How does the V2X server know that this is actually my VIN? Just because
I claim it over an encrypted channel.
In IETF we often ask at the WG-forming stage whether we feel that the
community has the expertise to take on this work. The current proposal
seems to call that into question and absent some evidence that that
expertise does in fact exist, I believe we shoud oppose formation.
On Mon, Oct 17, 2016 at 5:11 PM, Martin Thomson <m...@mozilla.com> wrote:
> This seems to be a more specific instance of WoT. As such, the goals
> are much clearer here. While some of the concerns with the WoT
> charter apply (security in particular!), here are a few additional
> Exposing the level of information that they claim to want to expose
> needs more privacy treatment than just a casual mention of the PIG.
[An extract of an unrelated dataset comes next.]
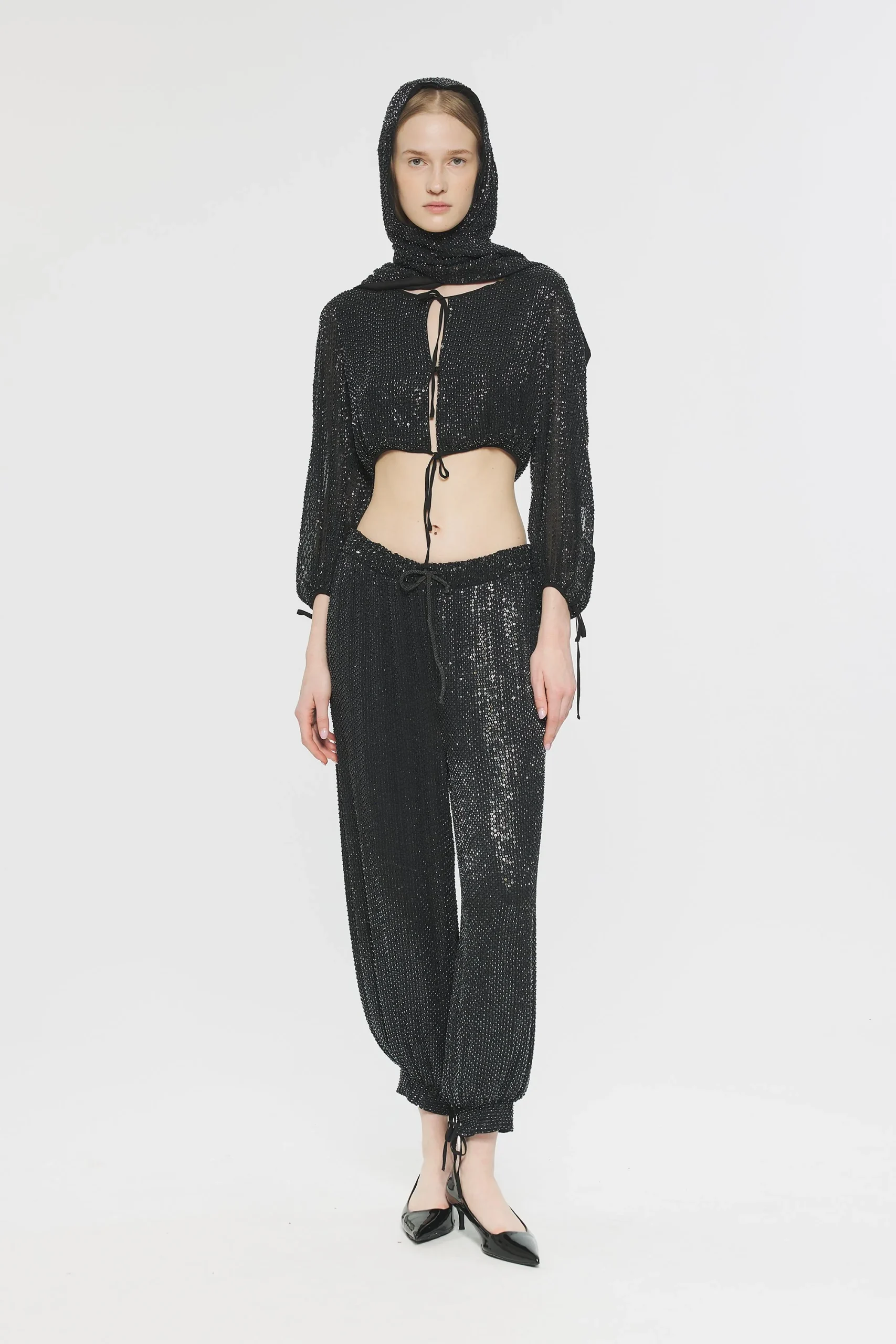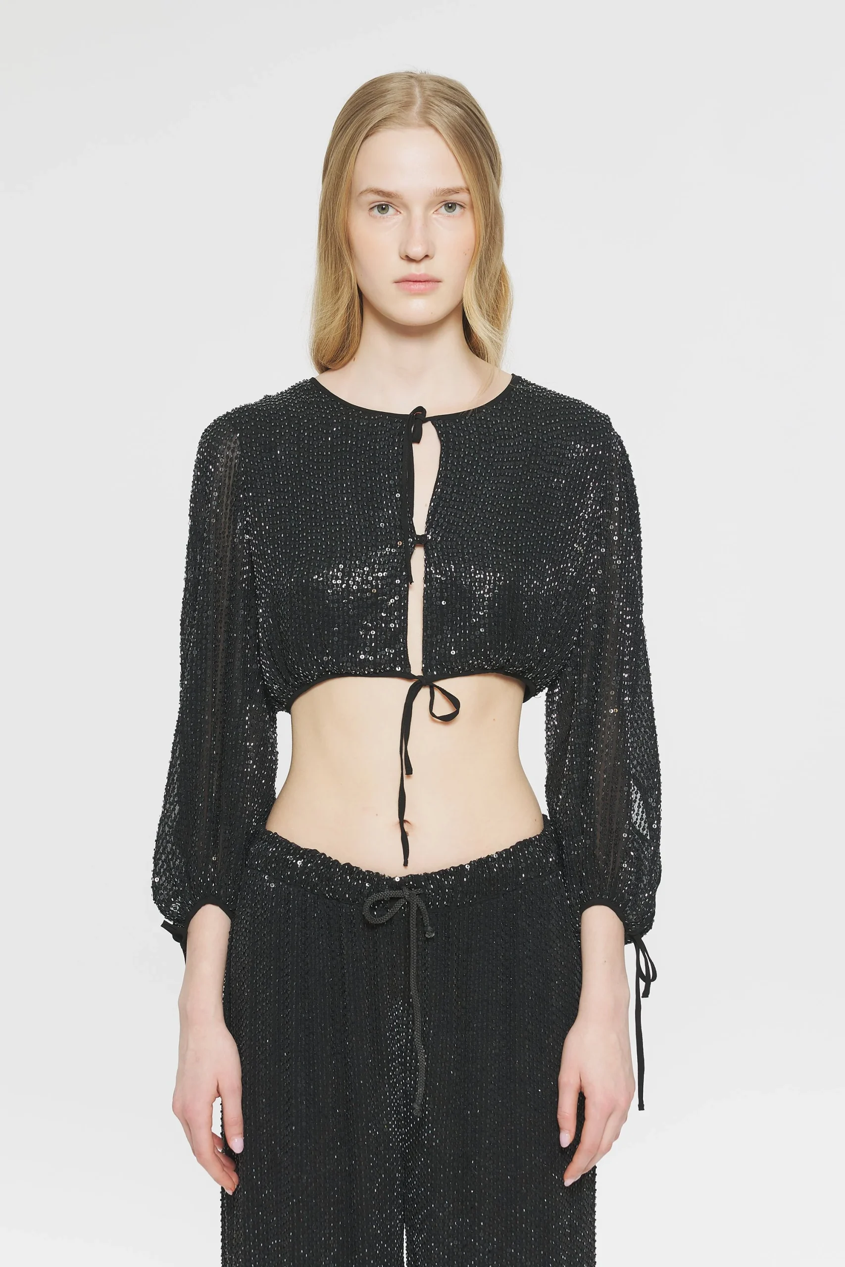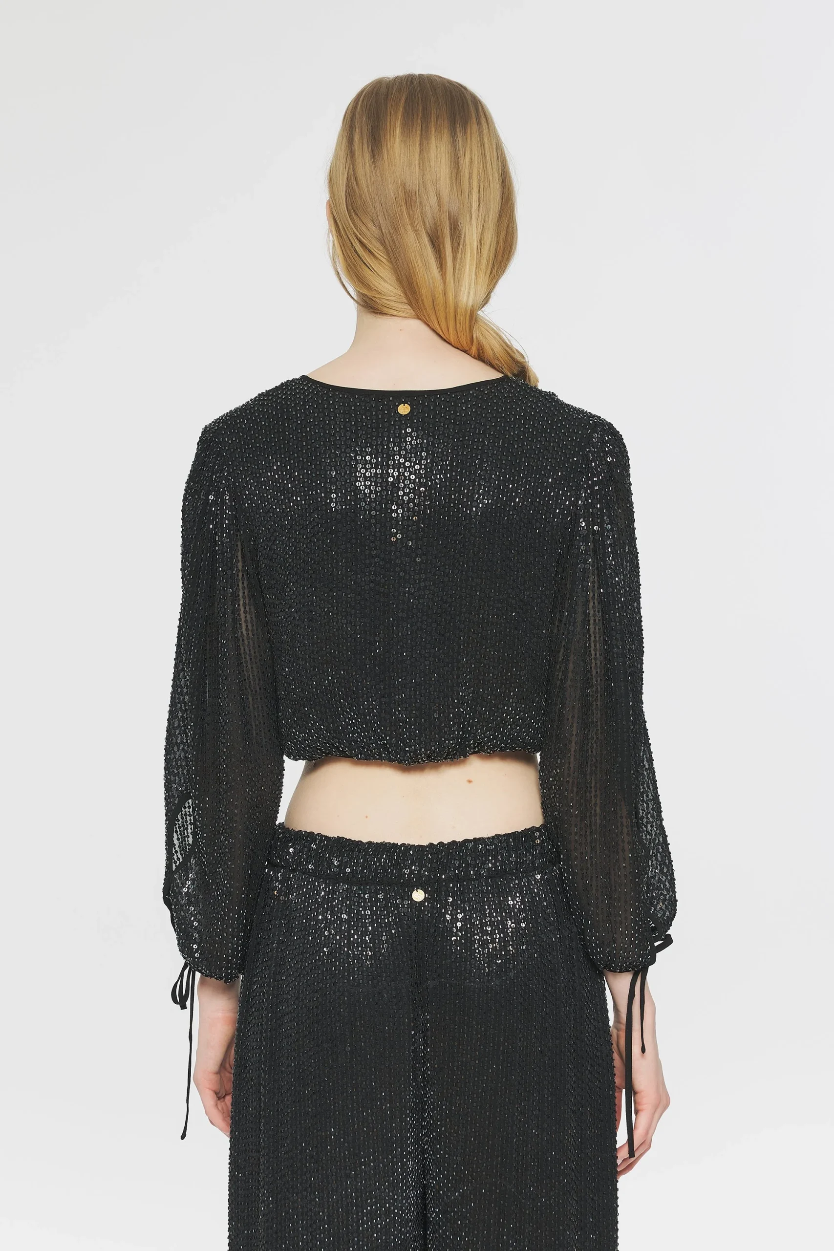Crop top en crêpe de viscose. Brodé de perles de rocaille en verre et sequins entièrement à la main. Ouverture sur le devant qui se ferme à l’aide de liens. Doublure en viscose.

> Websockets? Protocol? Both of these are red flags. Protocol
> development is an entirely different game to APIs and the choice of
> websockets makes me question the judgment of the people involved. Of
> particular concern is how the group intends to manage interactions
> with SOP. Do they intend to allow the web at large to connect to
> parts of the car? The security architecture is worrying in its lack
> of detail.
> If this proceeds, the naming choice (wwwivi) will have to change. It
> is not OK to register a new GTLD (see
> https://tools.ietf.org/html/rfc6761). A similar mistake was made
> recently in the IETF, and it was ugly. For people interested in the
> gory details, I can provide more details offline.
> On Tue, Oct 18, 2016 at 6:32 AM, L. David Baron <dba...@dbaron.org> wrote:
> > The W3C is proposing a new charter for:
> > Automotive Working Group
> > https://lists.w3.org/Archives/Public/public-new-work/2016Oct/0003.html
> > https://www.w3.org/2014/automotive/charter-2016.html
> > Mozilla has the opportunity to send comments or objections through
> > Monday, November 7. However, I hope to be able to complete the
> > comments by Tuesday, October 25.
> > Please reply to this thread if you think there's something we should
> > say as part of this charter review, or if you think we should
> > support or oppose it.
> > Note that this is a new working group. I don't know of anyone from
> > Mozilla being involved in the discussions that led to this charter.
> > -David
> > --
> > 𝄞 L. David Baron http://dbaron.org/ 𝄂
> > 𝄢 Mozilla https://www.mozilla.org/ 𝄂
> > Before I built a wall I'd ask to know
> > What I was walling in or walling out,
> > And to whom I was like to give offense.